DATA BLOCK

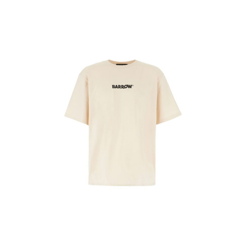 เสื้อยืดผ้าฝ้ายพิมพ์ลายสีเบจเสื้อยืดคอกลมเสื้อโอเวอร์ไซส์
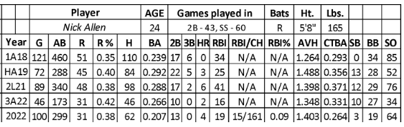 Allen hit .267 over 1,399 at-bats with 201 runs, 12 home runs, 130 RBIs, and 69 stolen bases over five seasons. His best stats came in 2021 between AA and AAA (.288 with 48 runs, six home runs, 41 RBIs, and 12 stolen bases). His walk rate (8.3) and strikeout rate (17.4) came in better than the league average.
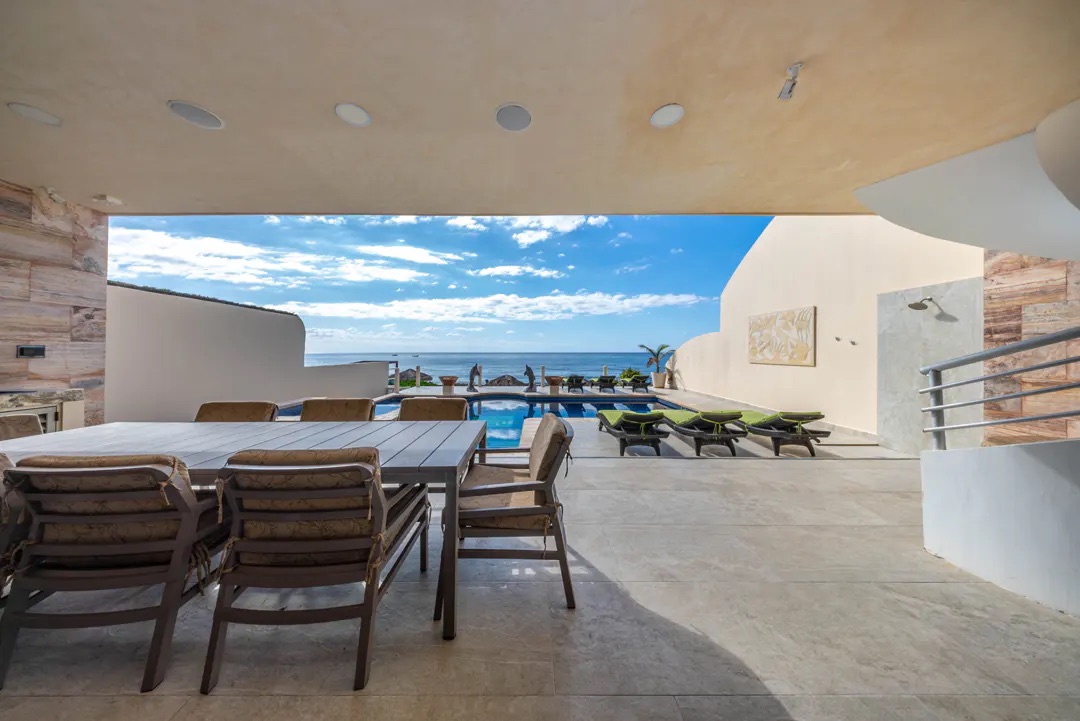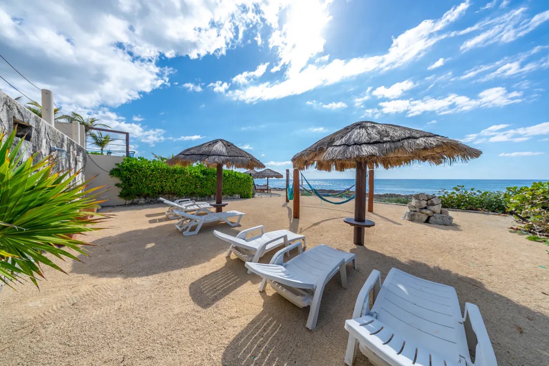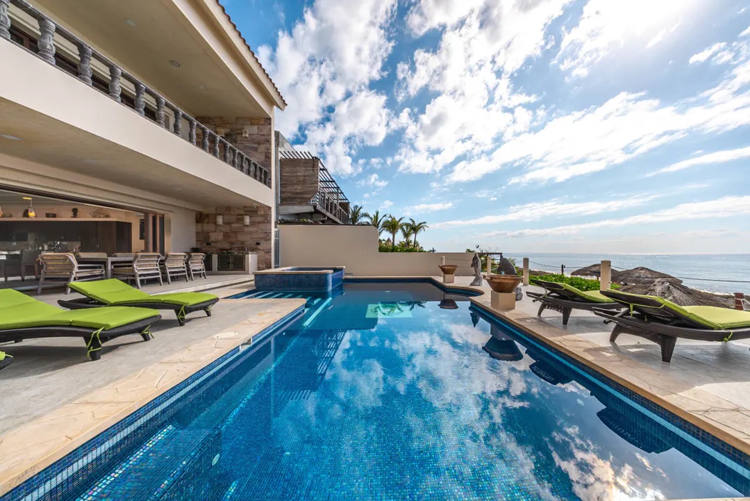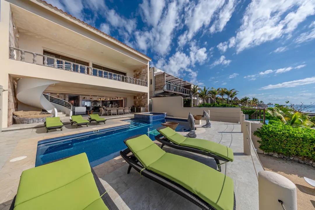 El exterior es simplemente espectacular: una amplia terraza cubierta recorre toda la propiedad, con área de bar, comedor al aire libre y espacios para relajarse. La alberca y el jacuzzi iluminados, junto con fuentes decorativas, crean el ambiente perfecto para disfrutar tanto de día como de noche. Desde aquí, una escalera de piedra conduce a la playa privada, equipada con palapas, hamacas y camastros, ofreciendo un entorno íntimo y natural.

DIRECTIONS
Starting with the line that contains "Allen hit .267", copy every line word for word through the end of the listing above, but leave out the pictures.

RESPONSE
 Allen hit .267 over 1,399 at-bats with 201 runs, 12 home runs, 130 RBIs, and 69 stolen bases over five seasons. His best stats came in 2021 between AA and AAA (.288 with 48 runs, six home runs, 41 RBIs, and 12 stolen bases). His walk rate (8.3) and strikeout rate (17.4) came in better than the league average.
 El exterior es simplemente espectacular: una amplia terraza cubierta recorre toda la propiedad, con área de bar, comedor al aire libre y espacios para relajarse. La alberca y el jacuzzi iluminados, junto con fuentes decorativas, crean el ambiente perfecto para disfrutar tanto de día como de noche. Desde aquí, una escalera de piedra conduce a la playa privada, equipada con palapas, hamacas y camastros, ofreciendo un entorno íntimo y natural.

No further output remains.